C.P. Jakie przypony preferujesz miękkie czy sztywne? I dlaczego? Wiciu: Preferuję jedne i drugie. Uwielbiam przypony i mam tzw. bzika na punkcie haczyków, których mam naprawdę dużo w torbie. Dobór rodzaju przyponu warunkuję rodzajem zestawu przynęty itp.
C.P. Jaki jest twój największy karp i okoliczność jego połowu. Wiciu: Karp 18,2 kg złowiony na ,,Łowisku Rybowo ‘’w majowy poranek podczas którego temperatura powietrza spadła do –4’C. Dodam, że na tym samym łowisku złowiłem amura 22 kg. Jestem zafascynowany siłą oraz dynamiką amurów i dlatego zawsze jeden zestawik montuję na złote torpedy.
C.P. Jakie błędy twoim zdaniem popełniają młodzi karpiarze? Wiciu: Z tego, co obserwuję młodych karpiarzy nad woda często popełnianym przez nich błędem jest myślenie:,, Jak kupię drogie kulki to na pewno złowię karpia” oraz popadania w kompleksy ze ma wędkę firmy x wartą 200 zł. Niektórym nie idzie wytłumaczyć ze nie ma złotego środka na karpie ( jak jest to proszę o kontakt); ze to nie sprzęt łowi ryby- sprzęt pomaga w ich łowieniu. Młodzi karpiarze tez nie potrafią zapytać o porady tych, którzy jakieś pojęcie o tym sporcie mają -jak by się wstydzili.
C.P. Co sądzisz o stronie ,,Carp Planet’’ Wiciu: Według mnie wszystko jest ok. Fajnie, że strona jest czytelna i wyraźna.

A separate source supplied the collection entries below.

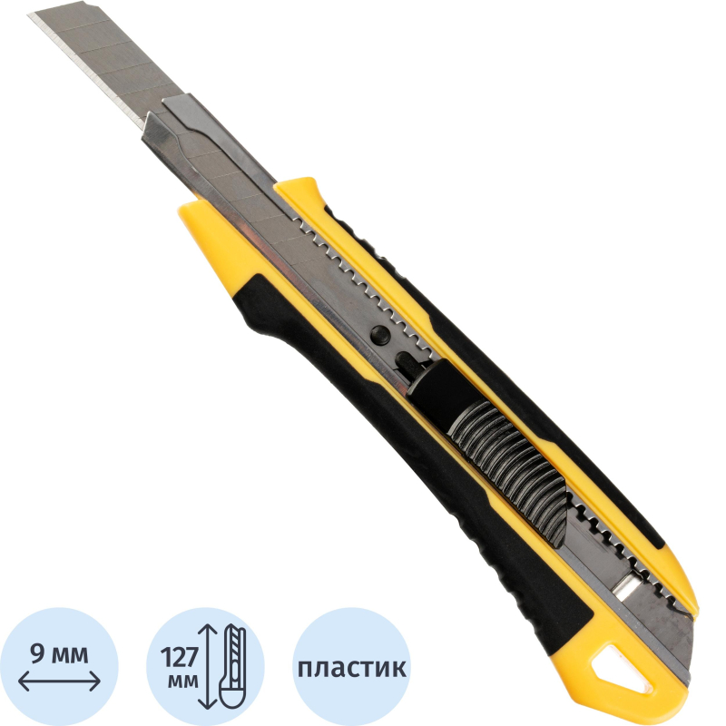 Также конструкцией предусмотрен автофиксатор, с помощью которого вы можете выдвинуть лезвие на необходимую длину и надежно зафиксировать его в выбранном положении. Именно благодаря наличию такого механизма обеспечивается максимальная безопасность того, кто с ним работает.
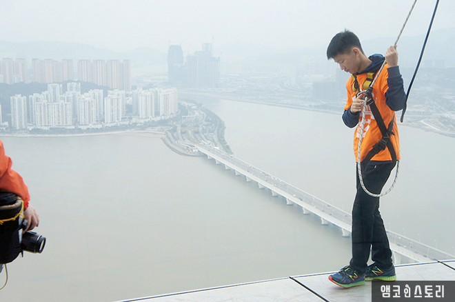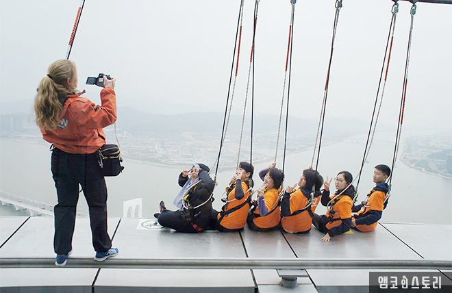 아이들은 액티비티 중 스카이워크를 선택했다. 스카이워크는 223m 높이에서 빌딩을 한 바퀴 걸어보는 프로그램인데, 번지점프가 무서운 사람들이 대안으로 선택하는 프로그램이기도 하다. 스카이워크를 즐기기 전에 서약서를 꼭 작성해야 한다.
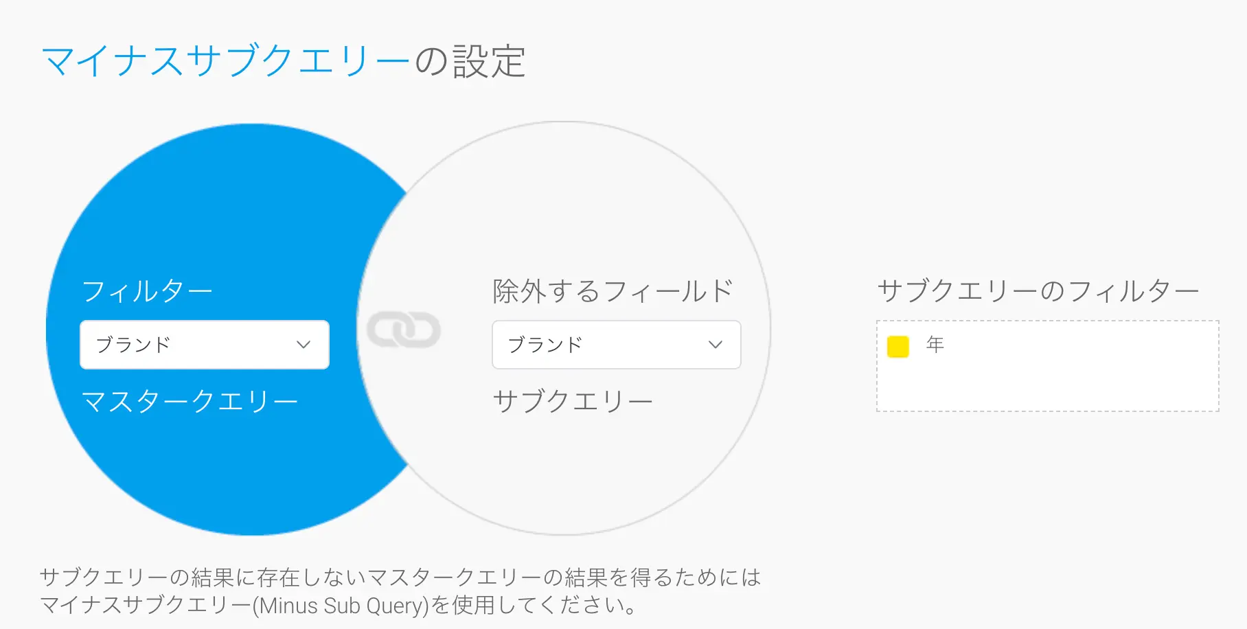 高度なサブクエリーを使用したデータセット間のデータ結合
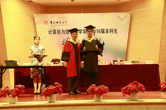 典礼开始,大家共同观看了专题片《2016届毕业汇报》,它记录了2016届毕业生的毕业感言,也记录了大家四年来的点点滴滴,此外,还有老师们对大家送上了祝福与期望。在观看完专题片后,魏延院长为拟取得学士学位证的毕业生授位并合影留恋,院长紧紧握住了每一位同学的双手,肯定了他们大学四年来的成绩。台上是院长的鼓励以及拿到学位证书的喜悦,台下则是同学们依依不舍之情。
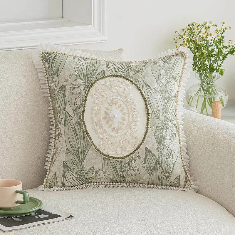 French Style Throw Pillow Cover for Sofa - Chic European Luxury Cushion Case, No Insert Included, Perfect for Living Room and Bedroom Decor, INS Aesthetic, American-Style Back Support Pillow.
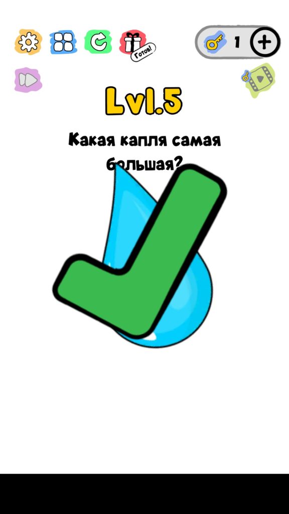 Какая капля самая большая? 5 уровень Trick Me: логические головоломки — Это игра созданная в виде викторины. Каждый новый уровень отличается от предыдущего, что делает игровой процесс затягивающим и интересным. Если ты хочешь узнать насколько ты умный, тогда эта игра точно для тебя! Trick Me поможет тебе развить нестандартное мышление, и повысить свой IQ. В этой игре уже есть 236 уровней, которые постоянно обновляются и пополняются. Но если застрял на одном или нескольких уровнях, и не можешь их пройти, то наш сайт придет на помощь, у нас есть все ответы на уровни игры Trick Me.

C.P. Powiedz czego brakuje na Carp Planet ? Wiciu: Jak już wcześniej na forum napisałem, brakuje giełdy karpiowej. Powoli robi się zima. Każdy przeprowadza selekcje sprzętu i na pewno znajdzie rzeczy, które są dla niego bez użyteczne a jakiemuś początkującemu karpiarzowi wielką przyjemność sprawi jak za parę groszy odstąpi.
C.P. Jak sądzisz czy zasada ,, złów i wypuść” ma szanse na to by stosował ją każdy wędkarz w naszym kraju; nie tylko karpiarz ?. Wiciu: Wszystko jest na dobrej drodze. Najważniejsze że młodych wędkarzy uświadamia się o przyszłych korzyściach płynących z wypuszczania do wody złowionej ryby. Niestety mentalności starych wędkarzy nie da się zmienić.
C.P. Jakie są Twoje plany karpiowe na przyszłość?. Wiciu: Plany mam zawsze ambitne na sezon, ale zawsze brakuje mi czasu na ich zrealizowanie. Na pewno w następnym sezonie dodatkowo nastawiam się na łowienie amurów oraz zamierzam spędzić urlop na ,,Ebro”.
C.P. Czy obecny czas jaki poświęcasz na łowienie uważasz za wystarczający czy może masz go za mało? Wiciu: Przyznaję, ze mam go za mało. Niestety pracy oraz obowiązków w domu niekiedy nie da się pogodzić. Ale jestem jednym z tych szczęśliwców, z którymi żony jeżdżą na ryby. Teraz to właśnie żona Kasia planuje zasiadki, więc ja się nie wtrącam tylko wykonuje jej polecenia.! Jak na razie nie narzekam.
C.P. Jak myślisz: czy wędkarstwo karpiowe w Polsce ciągle się rozwija ? czy już stanęło na pewnym etapie w miejscu? Wiciu: Z tego co obserwuję, wędkarstwo karpiowe rozwija się bardzo dynamicznie. Powstaje coraz więcej towarzystw, klubów karpiowych. Jestem zwolennikiem takich szkółek jakie organizujesz, naprawdę dobry pomysł. Oby tak było dalej.
C.P. Czy jeździsz na zawody karpiowe? Wiciu: Nie jeżdżę na zawody karpiowe, bo nie lubię hałasu i tłoku nad wodą oraz rywalizacji.
C.P. Jak sądzisz: czy obecna organizacja targów karpiowych jest wystarczająca czy powinno się cos zmienić?. Wiciu: Chciałbym, aby targi w Polsce wyglądały jak w Niemczech, ale to jest sprawa organizatorów i w ich kompetencje wnikał nie będę.. Do targów podchodzę w dwojaki sposób: zobaczyć nowinki oraz spotkać się ze znajomymi z całego kraju napić się ,,rybolitu’’ rozmawiając o karpiowaniu.
C.P. Twoja niezapomniana chwila nad wodą lub jakaś niezapomniana przygoda. Wiciu: Tak miałem taka niezapomnianą przygodę w 2005 roku. Zasiadka z przyjacielem Markiem Hallasem, podczas której w przeciągu 30 minut złowiliśmy 3 karpie w przedziale 12kg-16kg. Może nic w tym dziwnego, ale jeden z karpi w tym trio został dwukrotnie złowiony.
O pozostałych przygodach z nad wody nie będę pisał, bo nie wypada a poza tym cenzura.
C.P. Jeśli chciałbyś coś dodać jeszcze od siebie i pozdrowić przyjaciół to udzielamy głosu! Wiciu: Korzystając z okazji chciał bym pozdrowić moją żonkę Kasię przyjaciół Marka Hallasa i Przemka Frąckowiaka oraz cała redakcję portalu ,,Carpplanet”.